The next chart compares the cumulative values of $100,000 initial investments in each of the sector ETF, style ETF and combined 6-1 momentum strategies over the available sample period. Calculations derive from the following assumptions:

  • Reallocate at the close on the last trading day of each month (assume that total six-month past returns for the ETFs can be calculated just before the close).
  • Trading (switching) friction is 0.25% of the balance whenever there is an ETF switch.
  • Ignore any tax implications of trading.

At the assumed level of switching friction, the net style ETF momentum strategy (Style 6-1) and net sector ETF momentum strategy (Sector 6-1, from “Simple Sector ETF Momentum Strategy”) perform similarly. The combined strategy (Style+Sector 6-1) underperforms due to a few unlucky switches during the 2008-2009 market crash and elevated trading frictions.
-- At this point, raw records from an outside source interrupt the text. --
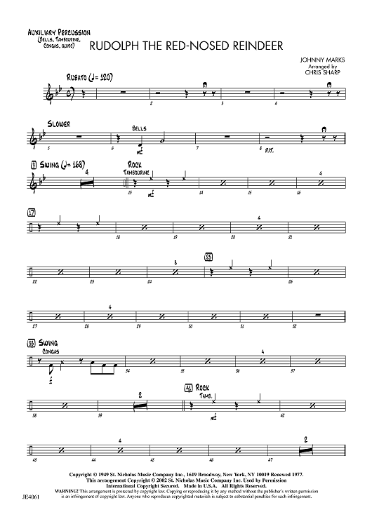 Digital Sheet Music for Rudolph the Red-Nosed Reindeer - Optional Auxiliary Percussion by Johnny Marks, Chris Sharp scored for Jazz Ensemble; id:455733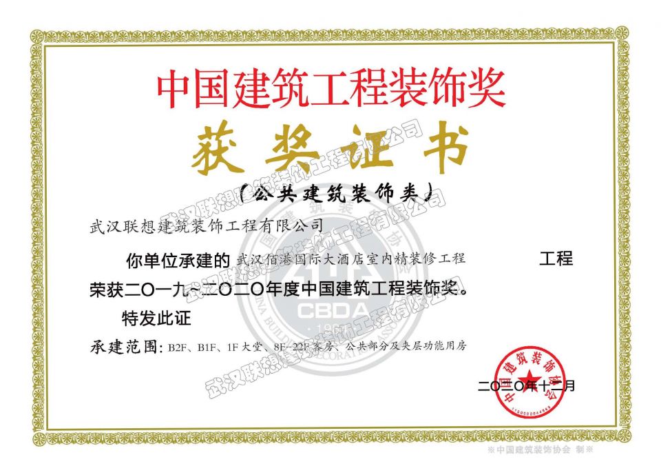 2019-2020年度中國建筑裝飾獎(武漢佰港國際大酒店室內(nèi)精裝修工程)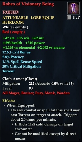 Robes of Visionary Being 76,461 pages on this wiki Edit Edit source History Talk 0 In-Game Examine Window Robes of Visionary Being other resources EQ2U · LootDB · EQ2LL · ZAM · Census xml Robes of Visionary Being FABLED +15 wis +62 int +47 sta +1,163 vs elemental +2,092 vs arcane 12.6% Crit Bonus 2.8% Potency 1.1% Spell Reuse Speed Torrent Cloth Armor ( Chest ) Mitigation 212 Level 90 ( Tier 10 ) All Mages , Bruiser , Monk , Fury , Warden Effects: When Equipped: On any combat or spell hit this spell may cast Torrent on target of attack. Triggers about 2.0 times per minute. Inflicts 1192 cold damage on target encounter Must not be engaged in pvp combat Cannot be modified except by direct means Must not be engaged in pvp combat This item may not be used in a PvP zone.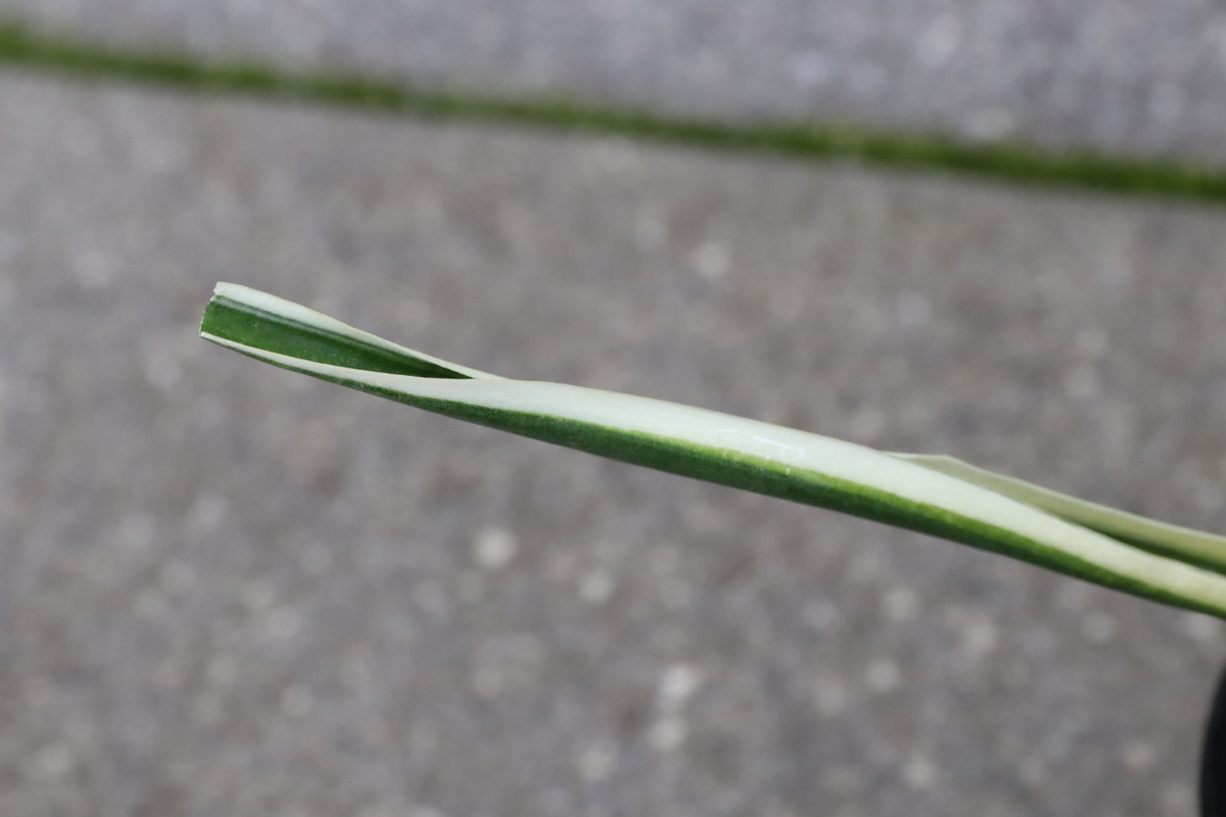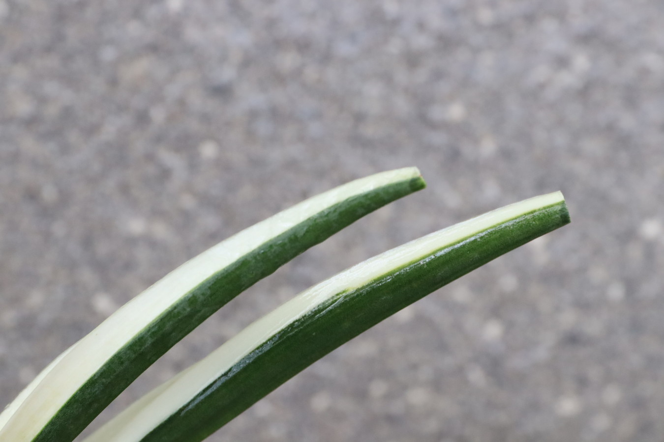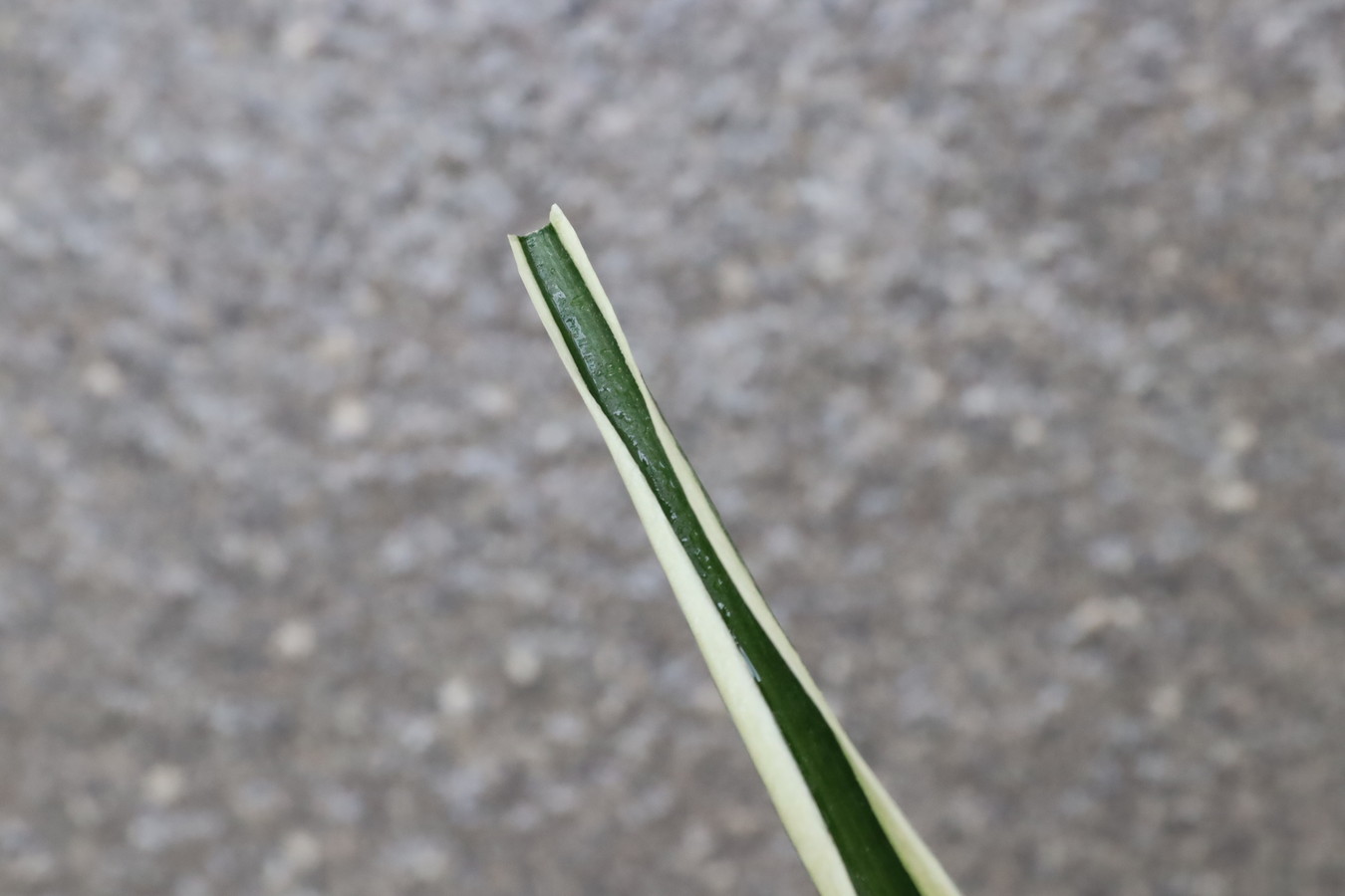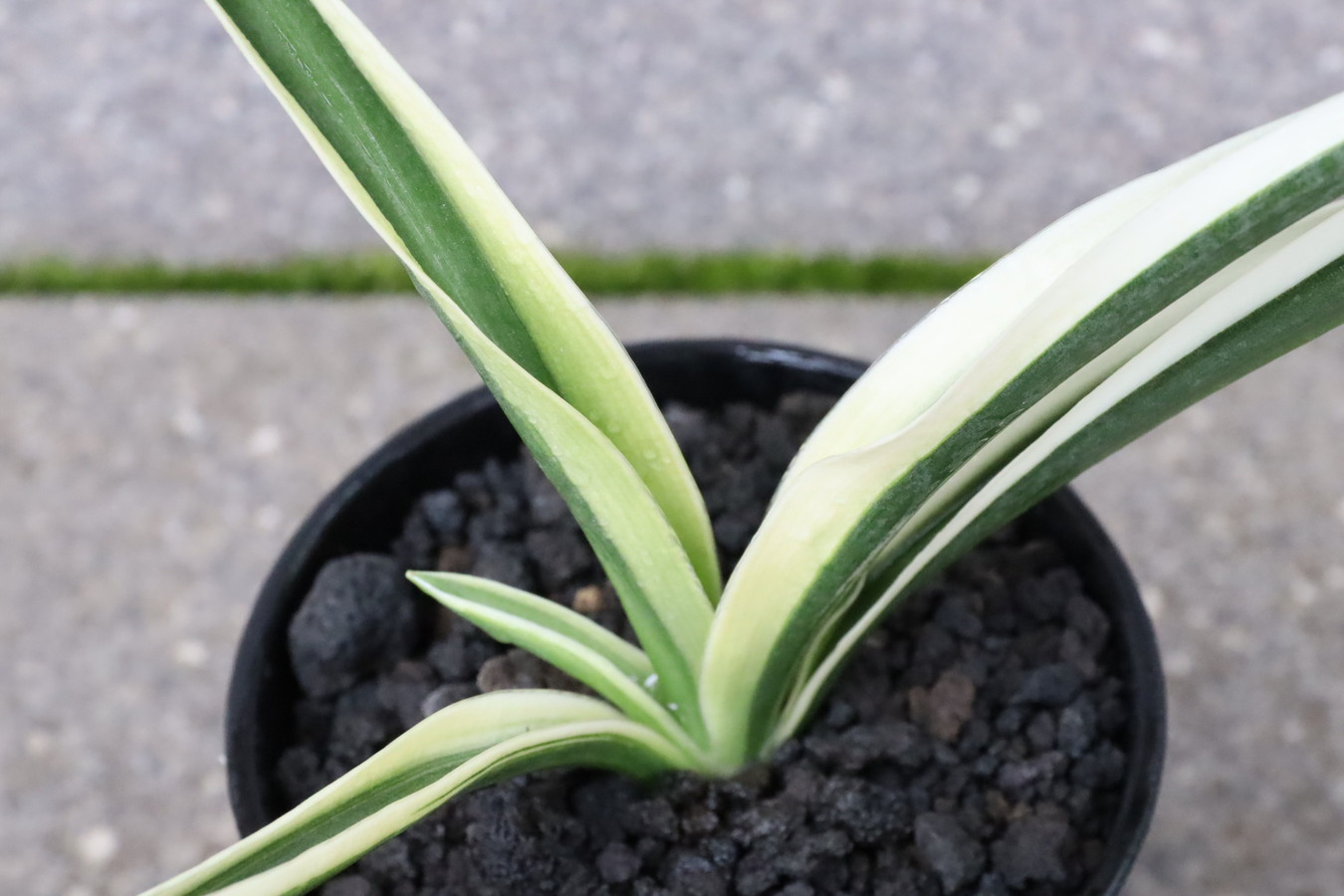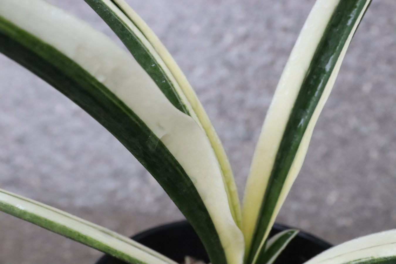 濃緑色の葉に深い覆輪を見せる品種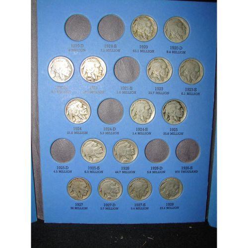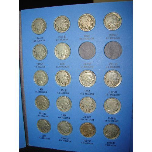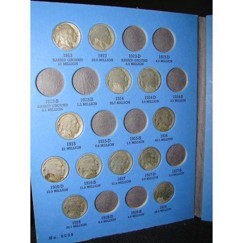 ALBUM OF BUFFALO NICKELS. 1913 to 1938. Missing 1913-D (Raised Ground), 1913-D, 1913-S (Raised Ground), 1913-S, 1914-S, 1915-D, 1915-S, 1917-S, 1918-D, 1918-S, 1919-D, 1919-S, 1921-S, 1924-D, 1925-D, 1926-D, 1926-S, 1930-S, & 1931-S.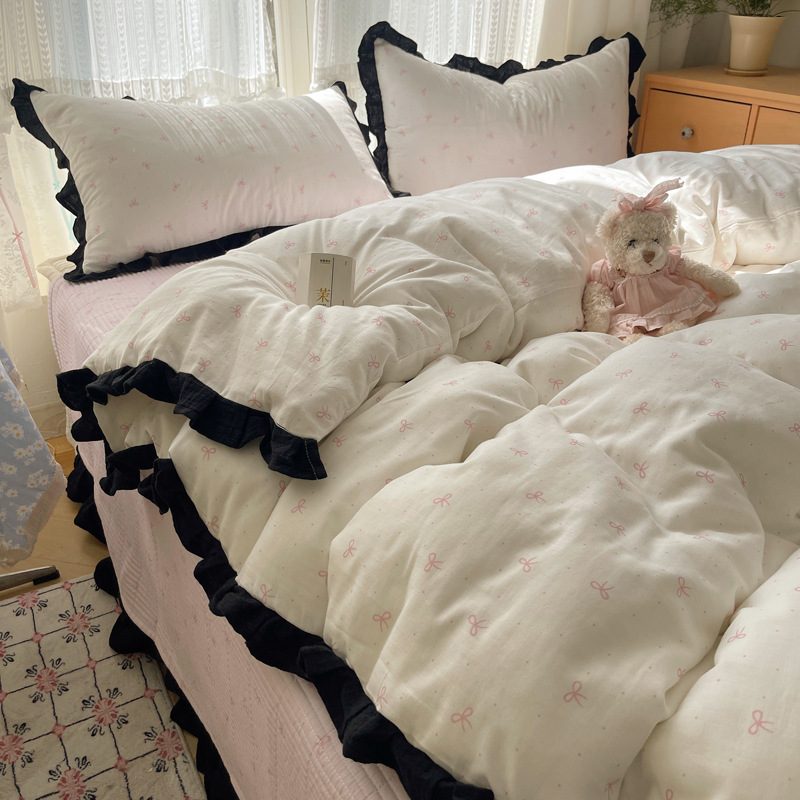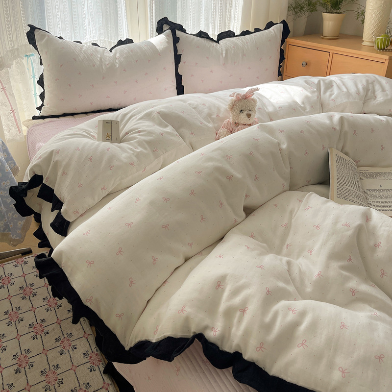 2025 新韓国スタイルウォッシュコットンベッドカバー 4 点セットライブホットモデル 200*230 ベッドカバー 180 キルトカバー 4 点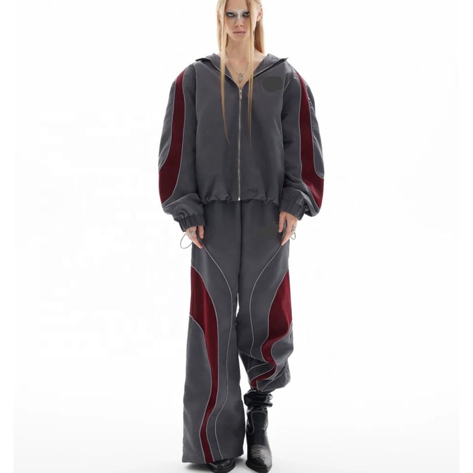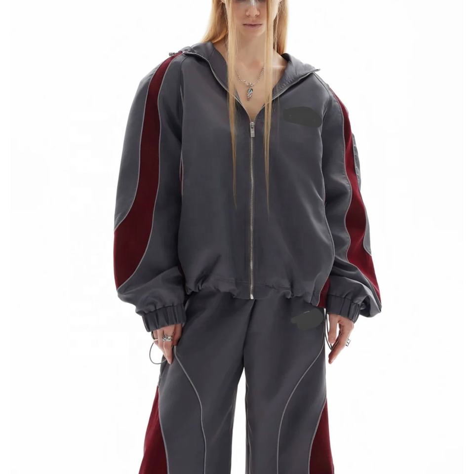 ชุดวอร์มสองชิ้นแบบถุงใส่ได้ทั้งชายและหญิงซิปซับในสีพื้นชุดวอร์มสไตล์สตรีทป้ายโลโก้ตามสั่ง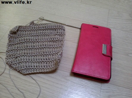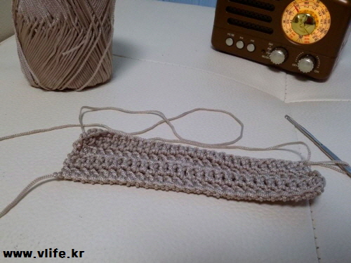 언니가 오래전 준 실인데 드디어 빛을 봐요. 30코 안되는, 손전화기 크기 맞게 사슬 떠서 한길긴뜨기 시작.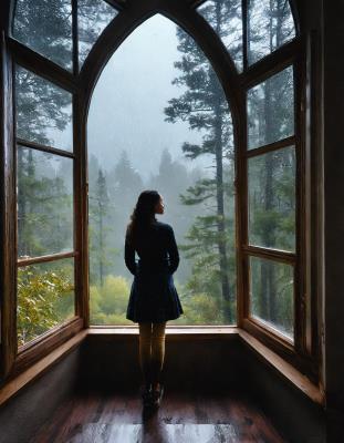 Out of the eye of the storm, roared a mighty beast. Flaming pupils of inferno soared across the blazing tempest, teeth like swords cut through the icy winds like sharp eagle talons. For a moment all was still. The howl of the sky-beast stopped, its talons merely grazing the battling ocean below. A wing of golden light sweeps the clouds, like the wing of an angel but lighter, softer and brighter and the world falls silent, the little pieces of the storm clicking together, slowly forming a much quieter, stubborn whoosh of wind to gently rattle the trees.“She sees it come.” The old one said. “The girl who waits at the window.”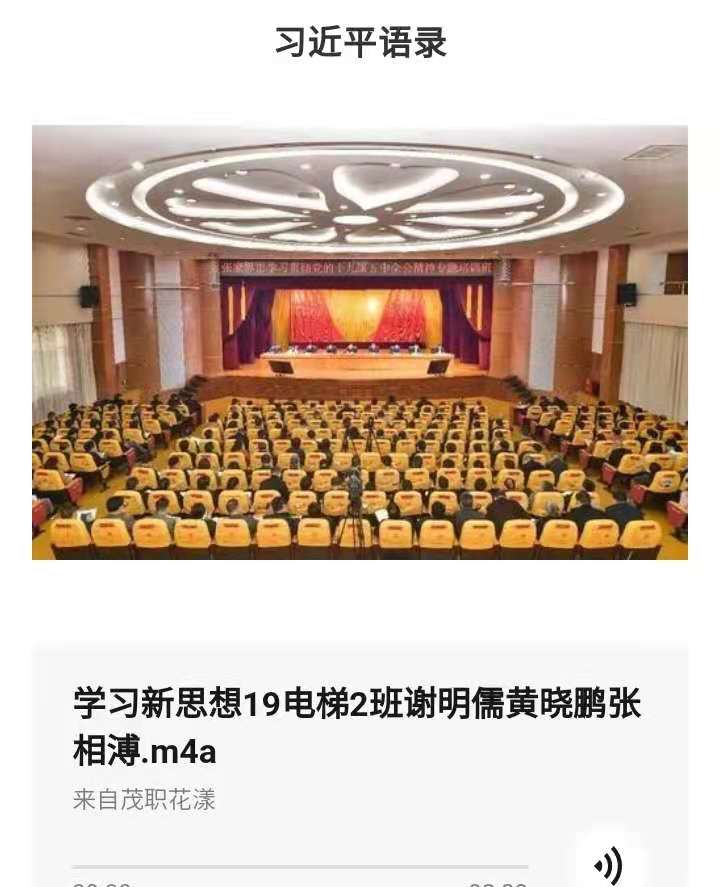 本次线上朗读比赛的成功举办,不仅为茂职院师生提供了展现自我、提升自我的机会和平台,营造了良好的学习氛围,掀起了学习新思想的热潮,更是让师生们在畅读新思想的过程中,汲取爱校爱岗的动力,涵养爱党爱国的家国情怀。(文/图:党委办)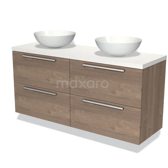 Waschtischunterschrank mit Konsole 140cm Modulo Plato Mittelbraune Eiche 4 Schubladen Flach Matt Weiß Platte

The number of switches for the combined strategy is 53, compared to 38 for Style 6-1 and 49 for Sector 6-1.

How do average monthly returns, as alternative measures of strategy performance, compare?

The final chart depicts the average monthly net returns (with 0.25% switching frictions) and the standard deviations of monthly returns for the three sector ETF momentum strategies. As indicated by the above cumulative performance, Style 6-1 and Sector 6-1 have similar statistics, with the combined strategy lagging.

In summary, evidence from simple tests indicates that a combined U.S. equity style and sector ETF momentum strategy underperforms the separate style and sector ETF momentum strategies due to a few unlucky switches and elevated trading friction.

In other words, more choices are not always better for a momentum strategy.

Cautions regarding findings include:

  • Sample size is modest (about 22 independent six-month momentum ranking intervals).
  • The selected ETF ranking interval derives from prior academic studies that most often use six-month and 12-month ranking intervals, with one-month holding intervals. This prior research may impound (and therefore transmit) data snooping bias, which is especially pernicious for small samples. Ranking intervals other than six months and holding periods other than one month may produce different results. For the above tests, using longer ranking and holding intervals would effectively reduce the already-small sample size. Optimizing the ranking and holding intervals would elevate data snooping bias.
  • Including ETFs representing other asset classes (such as bonds, commodities and international stocks) may enhance results, but may also increase number of position switches and therefore cumulative trading friction.
  • Potential wildness in ETF monthly return distributions limits confidence in results.